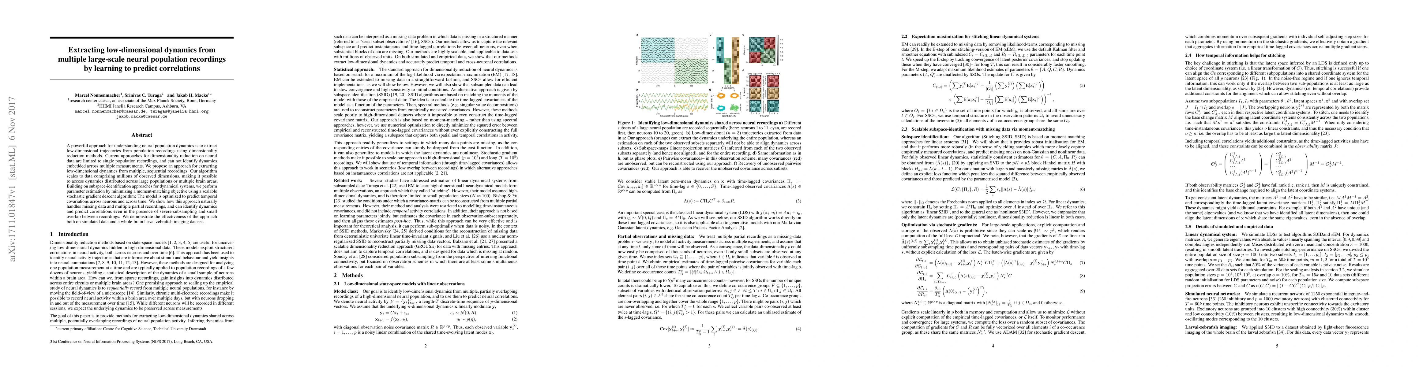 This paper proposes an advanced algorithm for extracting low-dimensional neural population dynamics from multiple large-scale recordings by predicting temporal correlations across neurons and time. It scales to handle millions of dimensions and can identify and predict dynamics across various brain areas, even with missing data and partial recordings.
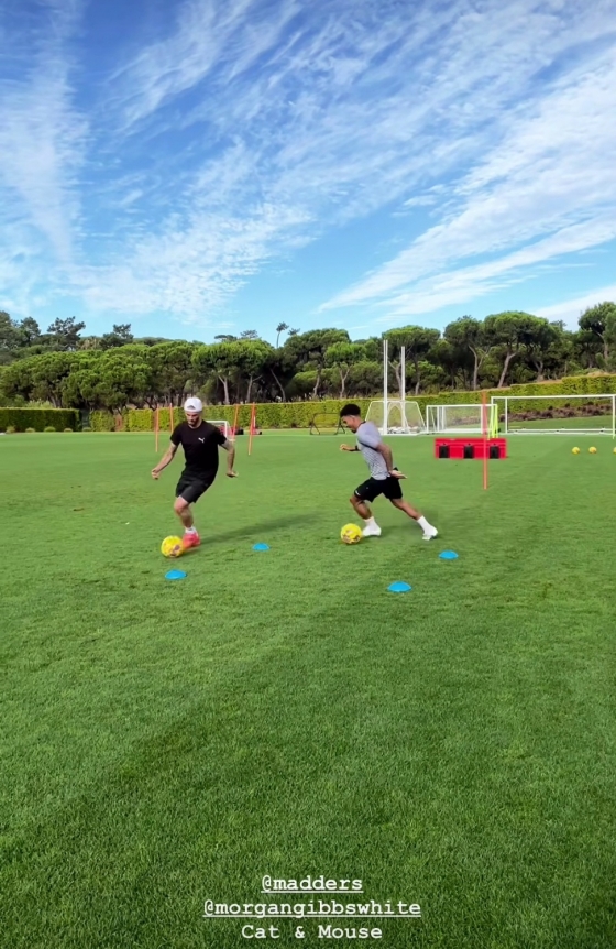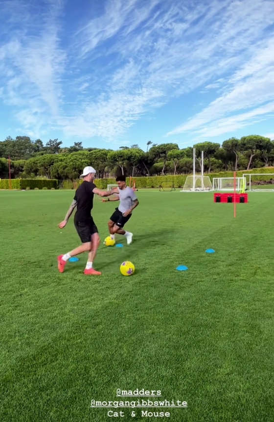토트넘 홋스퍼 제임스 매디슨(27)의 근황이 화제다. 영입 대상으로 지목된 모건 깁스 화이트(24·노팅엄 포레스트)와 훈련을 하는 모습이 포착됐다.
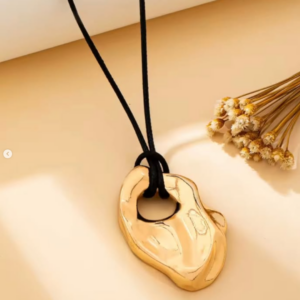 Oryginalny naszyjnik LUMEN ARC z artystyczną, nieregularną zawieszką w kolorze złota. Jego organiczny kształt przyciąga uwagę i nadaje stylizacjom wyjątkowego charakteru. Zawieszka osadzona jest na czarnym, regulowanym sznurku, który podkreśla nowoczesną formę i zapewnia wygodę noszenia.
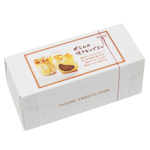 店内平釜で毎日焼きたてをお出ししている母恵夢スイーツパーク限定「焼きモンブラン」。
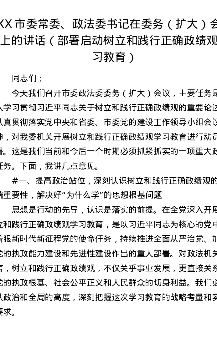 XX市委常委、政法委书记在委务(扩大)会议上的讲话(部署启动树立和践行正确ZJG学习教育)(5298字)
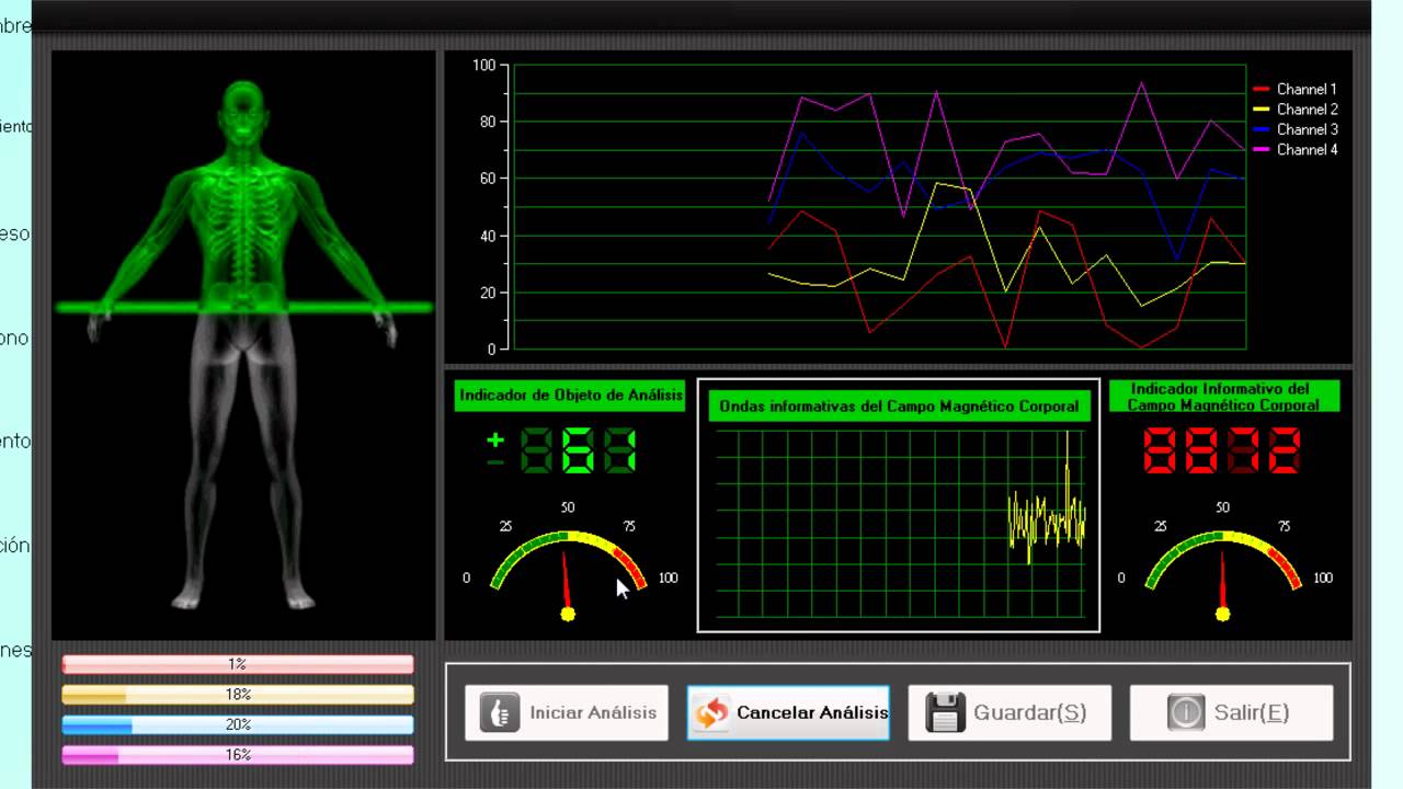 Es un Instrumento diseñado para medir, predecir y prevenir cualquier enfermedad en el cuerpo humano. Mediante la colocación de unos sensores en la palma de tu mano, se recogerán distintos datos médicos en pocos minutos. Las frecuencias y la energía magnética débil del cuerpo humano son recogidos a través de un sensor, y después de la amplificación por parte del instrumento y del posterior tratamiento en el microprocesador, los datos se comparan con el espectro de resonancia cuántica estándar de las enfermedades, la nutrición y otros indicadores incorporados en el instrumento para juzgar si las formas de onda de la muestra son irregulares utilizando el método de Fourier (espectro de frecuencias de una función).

# # # #

EXERCISE DETAILS
Print nothing except the lines above from the one containing "Oryginalny naszyjnik LUMEN" down to the one containing "XX市委常委、政法委书记在委", both included, exactly as written and free of pictures.

SOLUTION FOR THIS TASK
 Oryginalny naszyjnik LUMEN ARC z artystyczną, nieregularną zawieszką w kolorze złota. Jego organiczny kształt przyciąga uwagę i nadaje stylizacjom wyjątkowego charakteru. Zawieszka osadzona jest na czarnym, regulowanym sznurku, który podkreśla nowoczesną formę i zapewnia wygodę noszenia.
 店内平釜で毎日焼きたてをお出ししている母恵夢スイーツパーク限定「焼きモンブラン」。
 XX市委常委、政法委书记在委务(扩大)会议上的讲话(部署启动树立和践行正确ZJG学习教育)(5298字)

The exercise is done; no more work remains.